Problem statement
Exactly reproduce the lines of the listing below from the one containing "Figure 4a gives" through the one containing "Glock 19 Gen". Skip the images.
*** Dataset ***
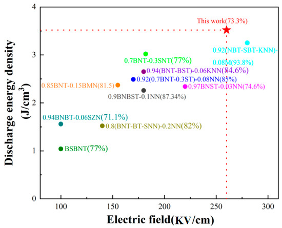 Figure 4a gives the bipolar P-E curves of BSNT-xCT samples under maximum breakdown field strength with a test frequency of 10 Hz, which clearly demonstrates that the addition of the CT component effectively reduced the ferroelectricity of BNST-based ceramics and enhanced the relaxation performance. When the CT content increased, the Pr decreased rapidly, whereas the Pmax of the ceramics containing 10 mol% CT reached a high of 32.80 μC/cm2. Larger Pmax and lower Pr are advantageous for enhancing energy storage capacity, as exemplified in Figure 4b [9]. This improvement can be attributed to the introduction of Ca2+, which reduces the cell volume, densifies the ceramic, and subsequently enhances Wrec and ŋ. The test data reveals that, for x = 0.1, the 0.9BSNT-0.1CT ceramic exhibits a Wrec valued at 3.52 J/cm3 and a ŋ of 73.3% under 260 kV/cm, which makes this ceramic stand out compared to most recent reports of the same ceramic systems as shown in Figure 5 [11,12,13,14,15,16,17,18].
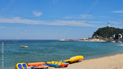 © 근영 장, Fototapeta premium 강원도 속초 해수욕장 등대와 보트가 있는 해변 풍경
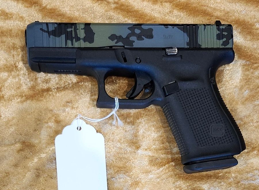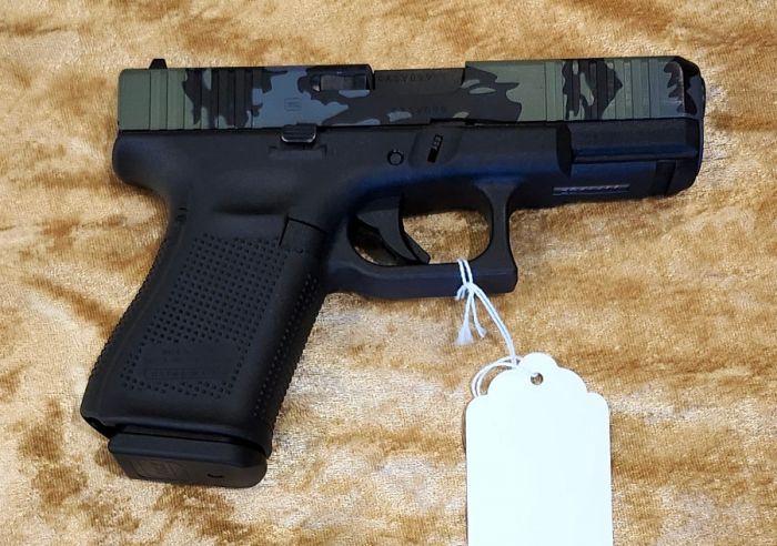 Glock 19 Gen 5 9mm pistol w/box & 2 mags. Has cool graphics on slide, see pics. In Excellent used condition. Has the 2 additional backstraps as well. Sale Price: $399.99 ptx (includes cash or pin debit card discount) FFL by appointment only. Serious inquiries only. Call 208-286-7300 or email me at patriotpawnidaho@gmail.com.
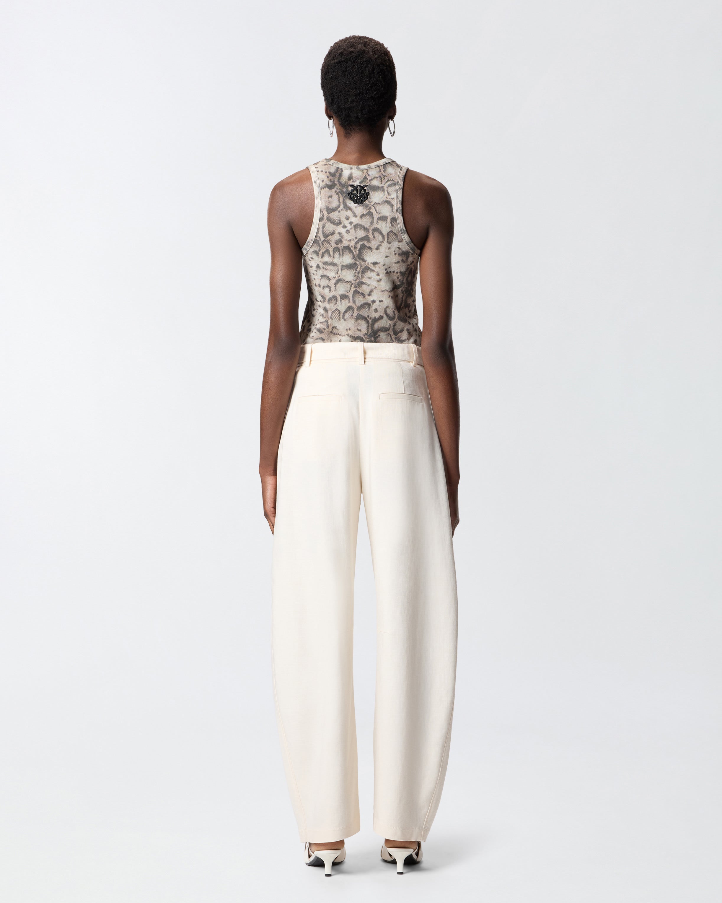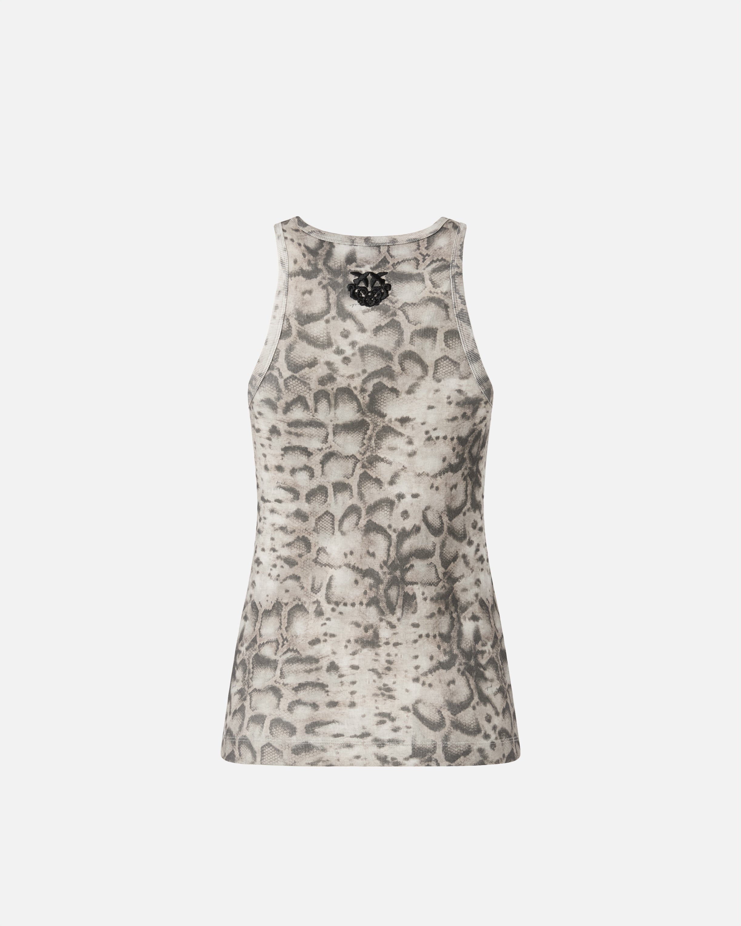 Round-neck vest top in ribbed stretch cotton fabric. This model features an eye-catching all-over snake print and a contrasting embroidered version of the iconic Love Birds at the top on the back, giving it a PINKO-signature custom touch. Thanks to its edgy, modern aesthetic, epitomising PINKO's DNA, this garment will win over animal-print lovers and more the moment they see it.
*** End of Dataset ***
*** Dataset ***
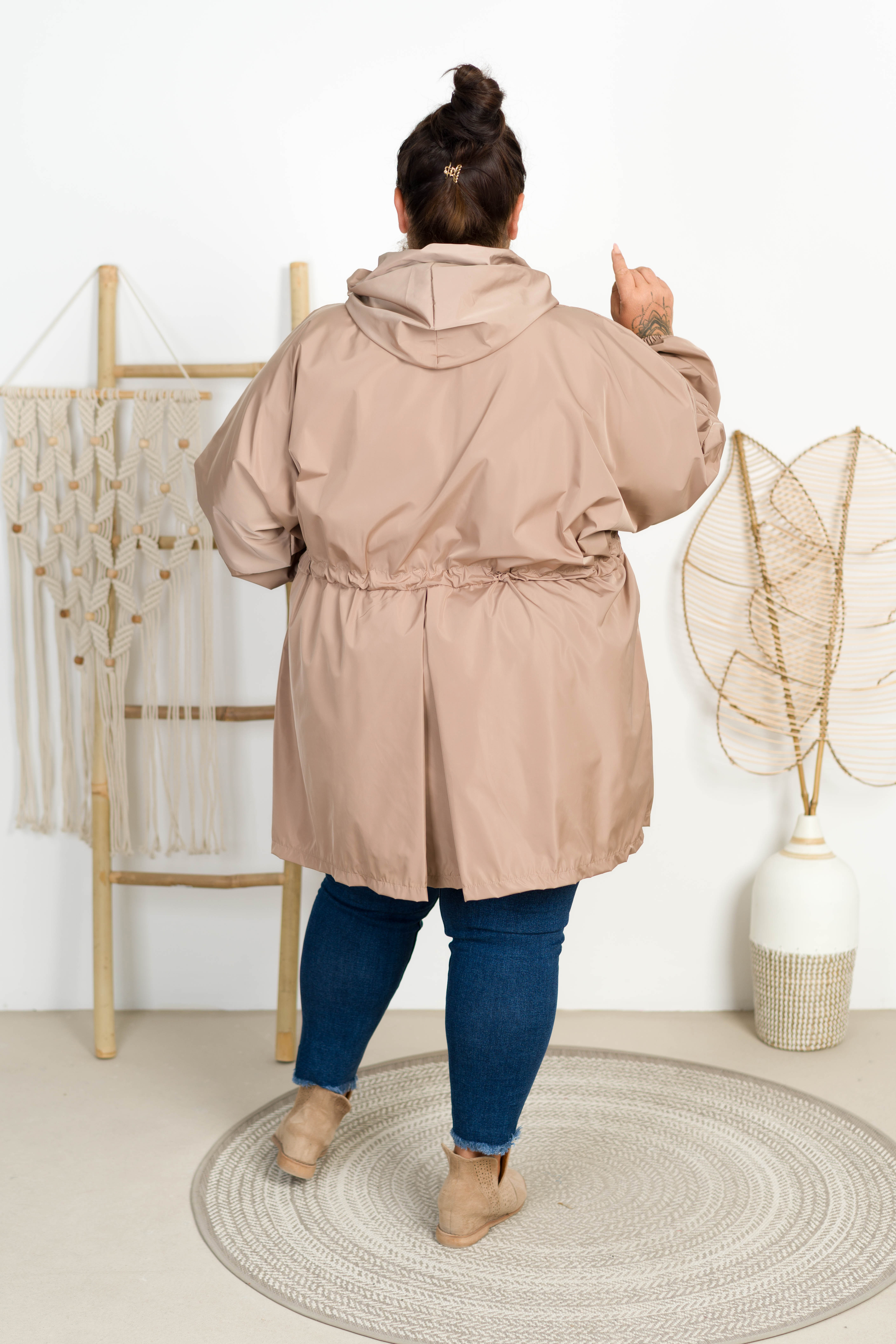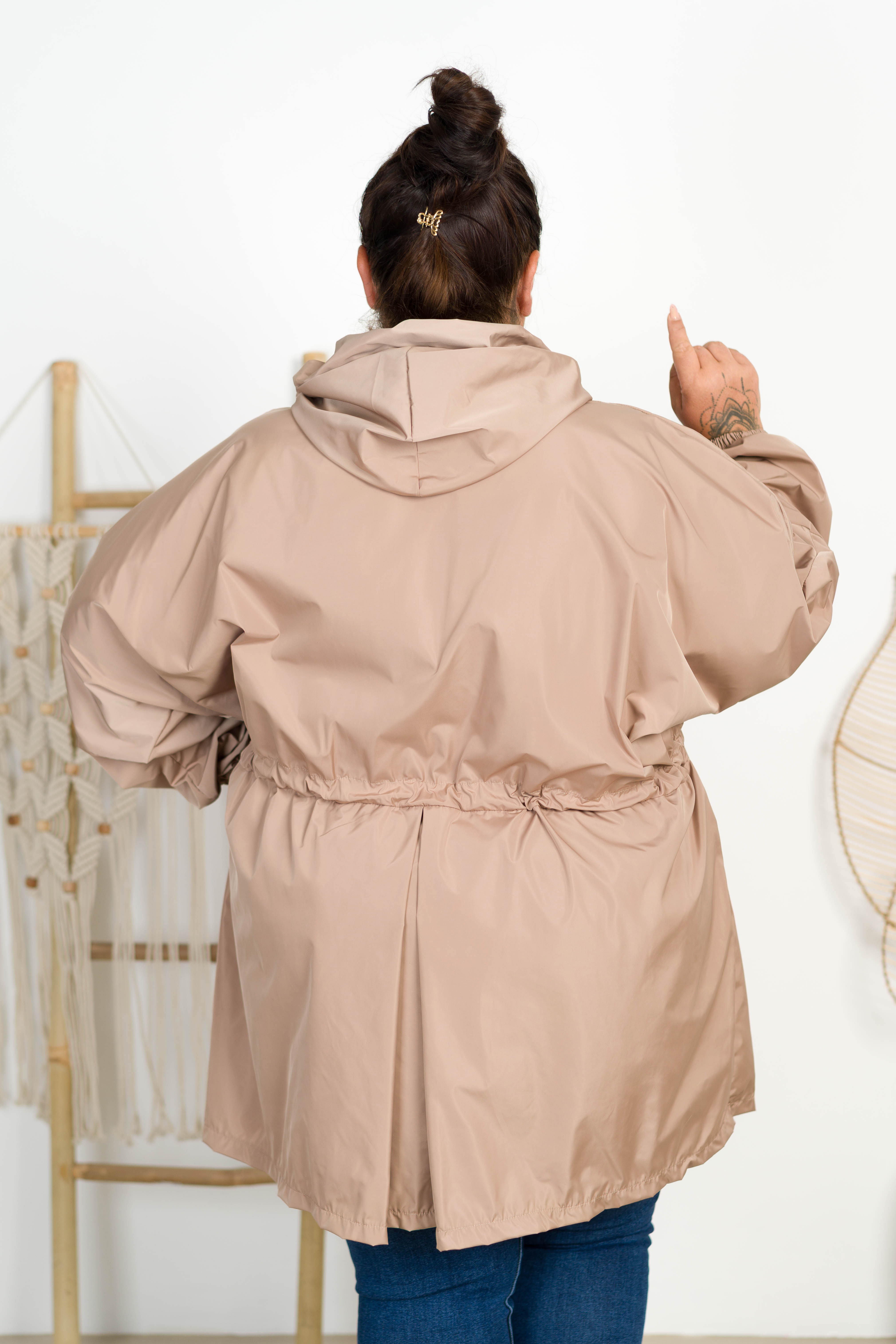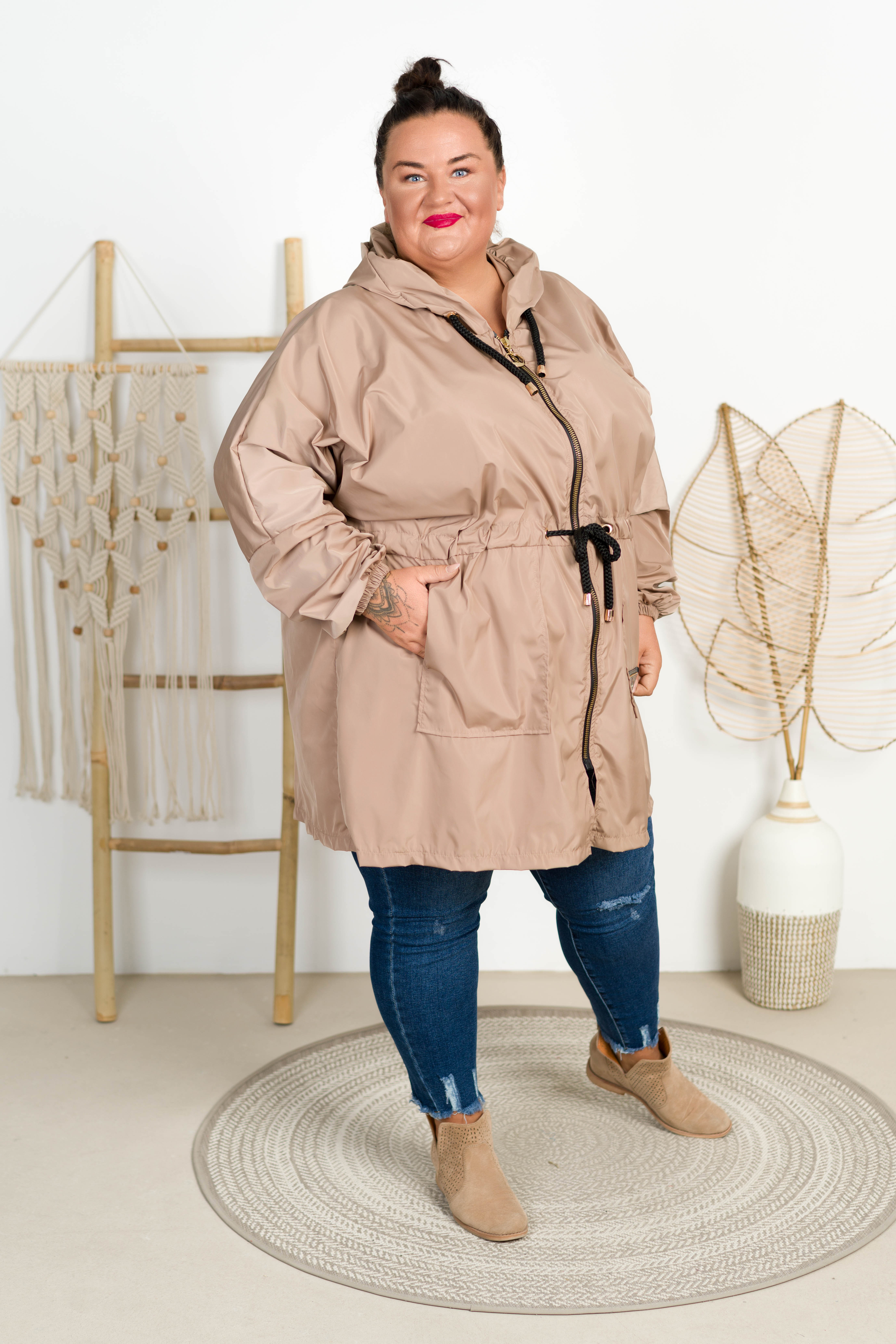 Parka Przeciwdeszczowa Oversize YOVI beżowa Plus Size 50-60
*** End of Dataset ***
Solved problem
 Figure 4a gives the bipolar P-E curves of BSNT-xCT samples under maximum breakdown field strength with a test frequency of 10 Hz, which clearly demonstrates that the addition of the CT component effectively reduced the ferroelectricity of BNST-based ceramics and enhanced the relaxation performance. When the CT content increased, the Pr decreased rapidly, whereas the Pmax of the ceramics containing 10 mol% CT reached a high of 32.80 μC/cm2. Larger Pmax and lower Pr are advantageous for enhancing energy storage capacity, as exemplified in Figure 4b [9]. This improvement can be attributed to the introduction of Ca2+, which reduces the cell volume, densifies the ceramic, and subsequently enhances Wrec and ŋ. The test data reveals that, for x = 0.1, the 0.9BSNT-0.1CT ceramic exhibits a Wrec valued at 3.52 J/cm3 and a ŋ of 73.3% under 260 kV/cm, which makes this ceramic stand out compared to most recent reports of the same ceramic systems as shown in Figure 5 [11,12,13,14,15,16,17,18].
 © 근영 장, Fototapeta premium 강원도 속초 해수욕장 등대와 보트가 있는 해변 풍경
 Glock 19 Gen 5 9mm pistol w/box & 2 mags. Has cool graphics on slide, see pics. In Excellent used condition. Has the 2 additional backstraps as well. Sale Price: $399.99 ptx (includes cash or pin debit card discount) FFL by appointment only. Serious inquiries only. Call 208-286-7300 or email me at patriotpawnidaho@gmail.com.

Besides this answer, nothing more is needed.